Together, these techniques mitigate prompt bias, maximize syntactic and functional correctness, and improve convergence rates.
Evaluation and Results
Coverage Metrics
Across 26 hardware designs—including CVDP [pinckney2025comprehensiveverilogdesignproblems] and challenging GitHub benchmarks—Spec2Cov delivers high code coverage (statement/line) with a geometric mean of 91.47%. Simpler designs consistently achieve near- or full coverage, while large, hierarchical designs (>$450$ lines, multi-level hierarchy) achieve up to 49%. This is a substantial improvement given the lack of prior baseline for specification-to-coverage closure on CVDP.
Agentic Iteration versus Single-Shot
Comparisons between the agentic iterative approach and single-shot (one-iteration) test generation demonstrate that agentic cycles yield significantly higher average coverage. For many designs, single-shot runs either fail to yield any meaningful coverage or plateau early, whereas the closed-loop iteration incrementally eliminates coverage holes.
Figure 3: Coverage improvement from agentic, iterative prompting relative to single-shot generation, especially pronounced on medium and hard designs.
Feature Ablation
A systematic ablation was conducted to assess each feature’s marginal impact—batched generation (BG), testplan creation (TC), and context pruning (CP):
- BG modestly boosts medium/hard designs.
- TC alone sometimes reduces average performance, potentially due to increased prompt complexity, but, when enhanced with explicit feature-based test planning, leads to notable improvements.
- CP is essential to avoid context pollution; with CP, even degraded runs (due to TC) recover strongly, with some hard designs achieving 100% after pruning.


Figure 4: Progression of geometric mean coverage as BG, TC, and CP are enabled, highlighting the necessity of context pruning for maximal average coverage.
Robustness and Cost Analysis
- Pass@k Rates: Spec2Cov maintains a pass@1 of 0.5 and pass@5 of 0.61 across diverse designs, outperforming baselines and showing stability under noisy LLM outputs.
- Efficiency: Iteration count and token usage scale with design complexity. However, wall-clock time is minimized through parallel process orchestration, achieving closure in minutes rather than hours or days of manual test development.
Discussion and Implications
Spec2Cov advances specification-driven verification automation by:
- Minimizing Prompt Bias: Testcases are generated from textual specifications, not design code, preventing common-mode errors and preserving the value of verification as a check distinct from implementation.

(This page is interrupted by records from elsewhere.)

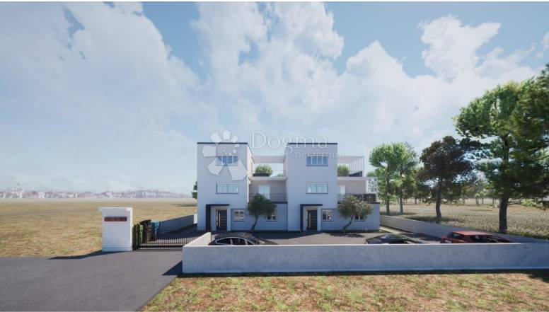 In a quiet part of Vrsi, just 300 meters from the sea, a new apartment of the highest standard is for sale. The project includes four luxurious residential units that combine contemporary architecture, privacy and the comfort of Mediterranean life. The ground floor apartment has three bedrooms, a spacious living room with kitchen and dining area and two bathrooms. Large glass walls open onto a private garden with a heated pool, creating a pleasant transition between the interior and exterior. The building was built according to the A+ energy standard, with ALU joinery, triple-layer IZO glass and a heat pump. The location offers peace, proximity to the sea and easy access to Zadar, which makes this property ideal for family life, tourist investment or a luxurious holiday in Dalmatia.
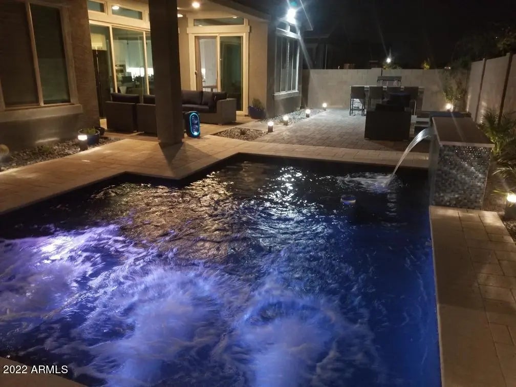 Come enjoy this partially furnished single level Luxury Rental at Morrison Ranch in Gilbert! Features include 3 bedrooms plus den/office with barndoor, 2.5 baths. Gourmet Kitchen with White Shaker Cabinets, Granite Counters, Stainless Steel Appliances, Butler's Pantry, huge island, gas cooktop/hood & under counter/cabinet lighting. Wood-like plank flooring throughout, accent wall, Shutters, neutral gray interior paint, alarm system & ring doorbell. Enjoy cooking at the built-in BBQ & entertaining on the back patio overlooking the sparkling heated saltwater pool! Don't miss out on this one-of-a-kind rental!
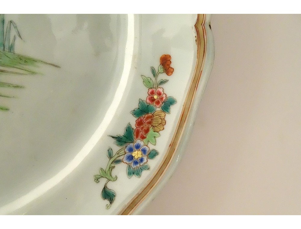 Pair of dishes with scalloped edges, in polychrome Compagnie des Indes porcelain, with a central decoration of birds in a leafy landscape (probably pheasants, ducks and phoenixes), marli decorated with bouquets of colored flowers, enhanced with a gilt fillet in border, from the 18th century.
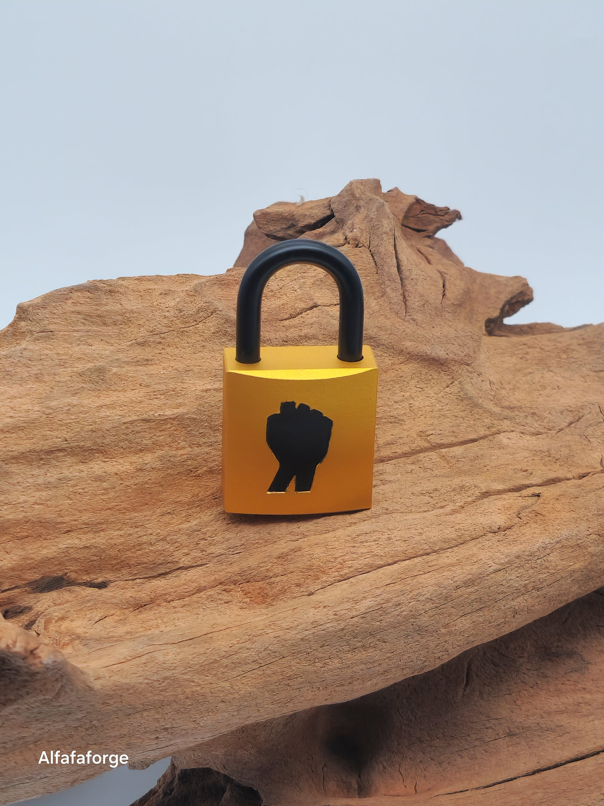 Die Titan-Kollektion setzt ein kraftvolles Statement, das Aufmerksamkeit erregt. Diese Version zeigt eine schwarze Faust auf einem Flare-gelben Vorhängeschloss.
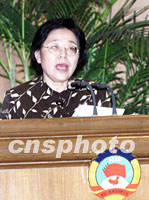 ![]() 全國政協(xié)人口資源環(huán)境委員會(huì)副主任江澤慧六日在北京舉行的“21世紀(jì)論壇--綠色與環(huán)保2001會(huì)議”閉幕會(huì)上致辭,倡議人們攜手共建人類綠色文明。中新社記者 滿會(huì)喬 攝
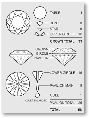 1.) The overall shape: (e.g., round or marquise, etc.) and the facet arrangement; step-cut, brilliant cut, or mixed cut, a combination of brilliant cut facets and step cut facets.
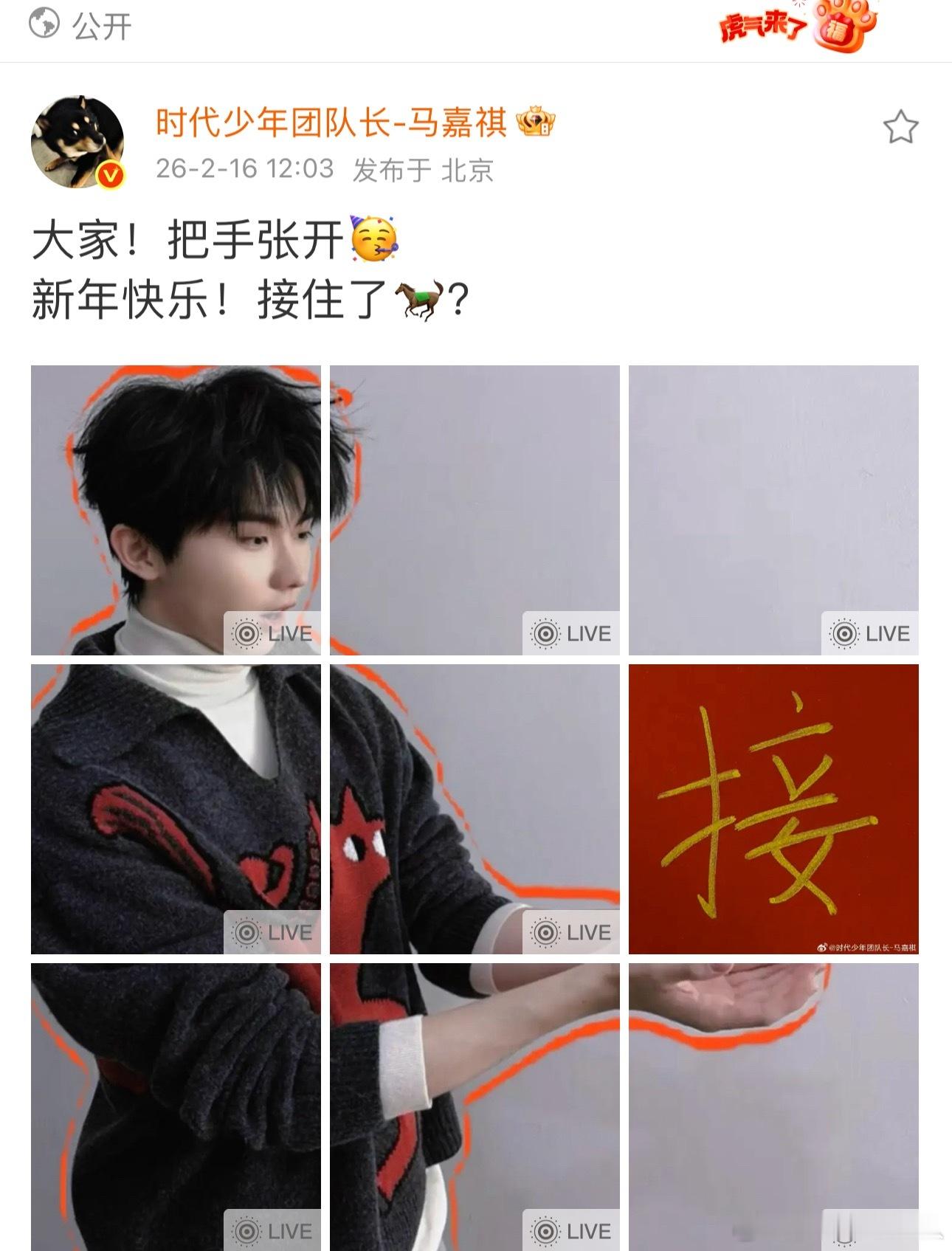 马嘉祺 你的马来了马嘉祺微博里好多马啊,过个马年马嘉祺忙坏了我双手接住马嘉祺的这些马:一马当先,马力全开,马到成功,立马转运,超多马内,幸福加马,神马都好祝马年大家都像马嘉祺说的这样,神马都好‼️‼️‼️‼️00后新生代热点捕捉计划春节刷到宝了
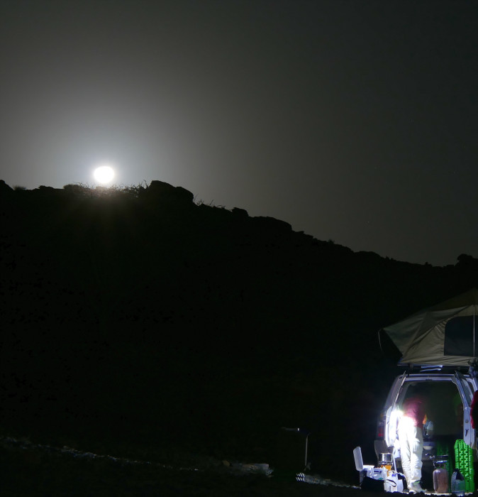 1. wir waren im Oman, dies hier ist nur ein E-Foto, zeigt aber, was wir davon sehen konnten, als der Mond endlich über den Hügel geklettert war, immerhin hat er eine kleine Beule!
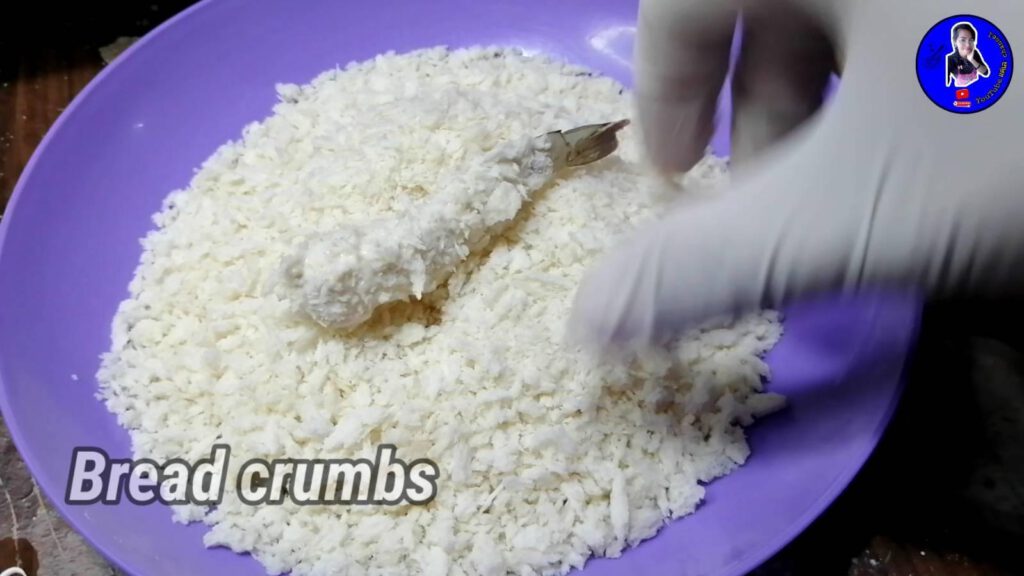 8.นำมาคลุกกับเกล็ดขนมปั งอีกรอบ ทำแบบนี้จนครบเลยนะคะ

- Agentic Workflows: The iterative loop mirrors human-in-the-loop coverage closure, adapting based on feedback much like a verification engineer would, but with far greater throughput and reproducibility.
- Extensibility: The methodology, while currently targeting statement coverage, is open to extension to functional and assertion-based coverage with minimal adaptation.

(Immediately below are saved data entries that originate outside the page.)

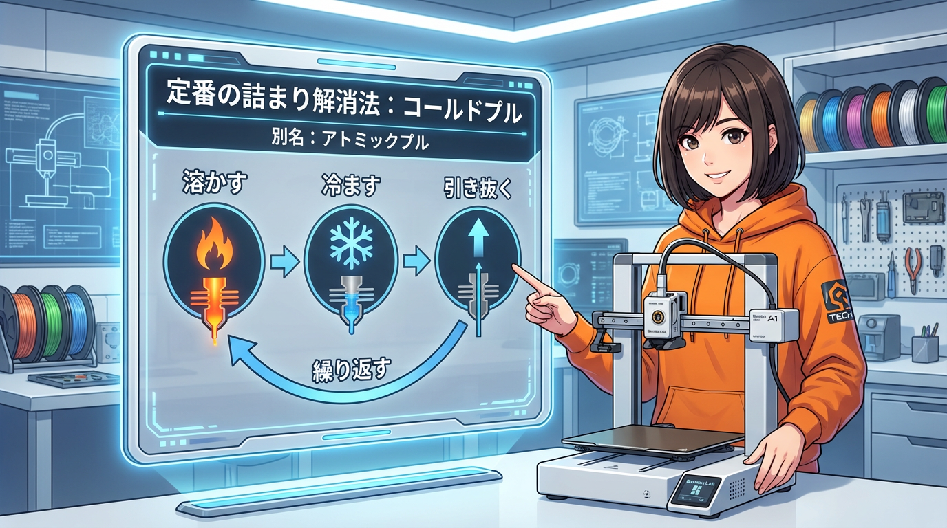 コールドプル、別名「アトミックプル」。温度パージでも清掃ピンでもダメだった場合に、まず試したい定番中の定番です。
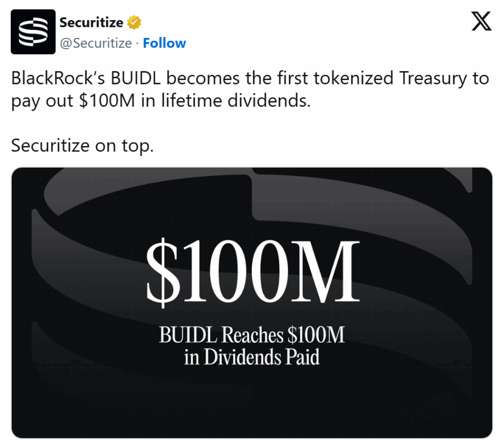Institutional finance just reached a new milestone on the blockchain. The BlackRock tokenized BUIDL fund has officially distributed $100M in total dividends to its holders. This level of success shows that tokenized securities are no longer just a theory.
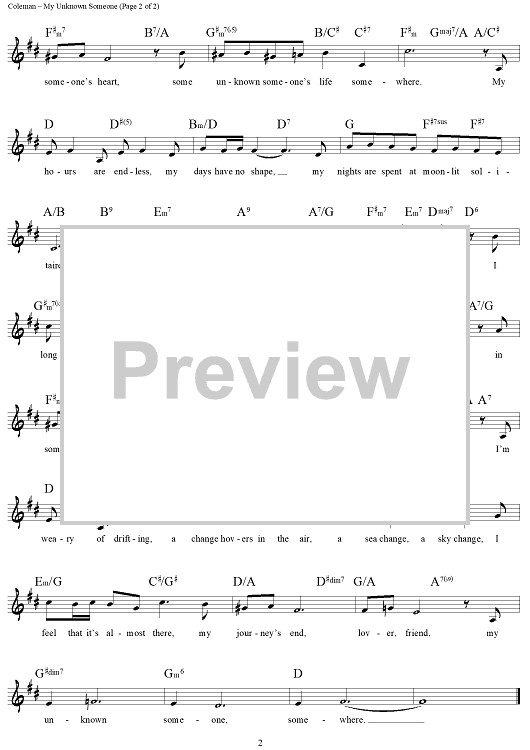 "My Unknown Someone" Sheet Music by Cy Coleman
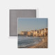 Aimant photo souvenir avec l'architecture typique des vieilles maisons construites sur la plage de la mer Méditerranée dans la ville de Cefalu, sur l'île de Sicile en Italie.

- Integration: The system’s simulator abstraction and logging facilitate deployment in legacy flows and integration with RAG, hierarchical planning, or richer design document ingestion.

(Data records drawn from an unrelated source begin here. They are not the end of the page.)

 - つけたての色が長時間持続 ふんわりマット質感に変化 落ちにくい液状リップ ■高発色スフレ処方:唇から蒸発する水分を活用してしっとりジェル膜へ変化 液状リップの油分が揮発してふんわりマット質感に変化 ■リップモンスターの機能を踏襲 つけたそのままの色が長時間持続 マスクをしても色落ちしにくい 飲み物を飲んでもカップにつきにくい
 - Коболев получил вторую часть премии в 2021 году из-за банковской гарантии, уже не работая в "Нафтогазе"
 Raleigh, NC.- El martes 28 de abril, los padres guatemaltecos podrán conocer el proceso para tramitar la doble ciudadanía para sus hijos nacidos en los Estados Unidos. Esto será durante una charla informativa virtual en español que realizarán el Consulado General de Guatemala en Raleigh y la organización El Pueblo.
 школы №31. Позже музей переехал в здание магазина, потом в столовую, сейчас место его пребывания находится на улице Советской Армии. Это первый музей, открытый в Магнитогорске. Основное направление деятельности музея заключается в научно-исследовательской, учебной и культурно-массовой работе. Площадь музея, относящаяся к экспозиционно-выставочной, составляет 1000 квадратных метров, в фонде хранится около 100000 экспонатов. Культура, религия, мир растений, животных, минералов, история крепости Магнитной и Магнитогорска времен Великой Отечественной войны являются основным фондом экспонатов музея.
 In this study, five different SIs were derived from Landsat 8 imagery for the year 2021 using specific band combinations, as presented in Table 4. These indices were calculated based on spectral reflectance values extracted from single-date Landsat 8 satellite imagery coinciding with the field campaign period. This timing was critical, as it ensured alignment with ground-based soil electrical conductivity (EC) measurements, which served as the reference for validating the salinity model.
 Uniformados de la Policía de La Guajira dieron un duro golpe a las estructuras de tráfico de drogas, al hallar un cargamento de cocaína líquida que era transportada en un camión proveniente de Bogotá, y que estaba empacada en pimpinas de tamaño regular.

Future research could examine comprehensive RAG strategies, hierarchical closure approaches at SoC scale, and comparative fine-tuning with larger hardware-specific training sets. Additionally, the observed stochasticity in LLM outputs underlines the importance of robust plan-and-iterate loops and will drive further developments in agentic prompt engineering.
Conclusion
Spec2Cov establishes a practical, open-source agentic paradigm for automating the code coverage closure process directly from hardware design specifications (2604.15606). Its combination of LLM-based code synthesis, simulator-channel feedback, and structured prompt engineering not only reduces manual effort but also achieves high pass rates and substantial coverage on industry-relevant benchmarks. This operationalizes LLMs as core actors in the EDA verification loop and underpins future agentic, specification-driven flows in digital hardware verification.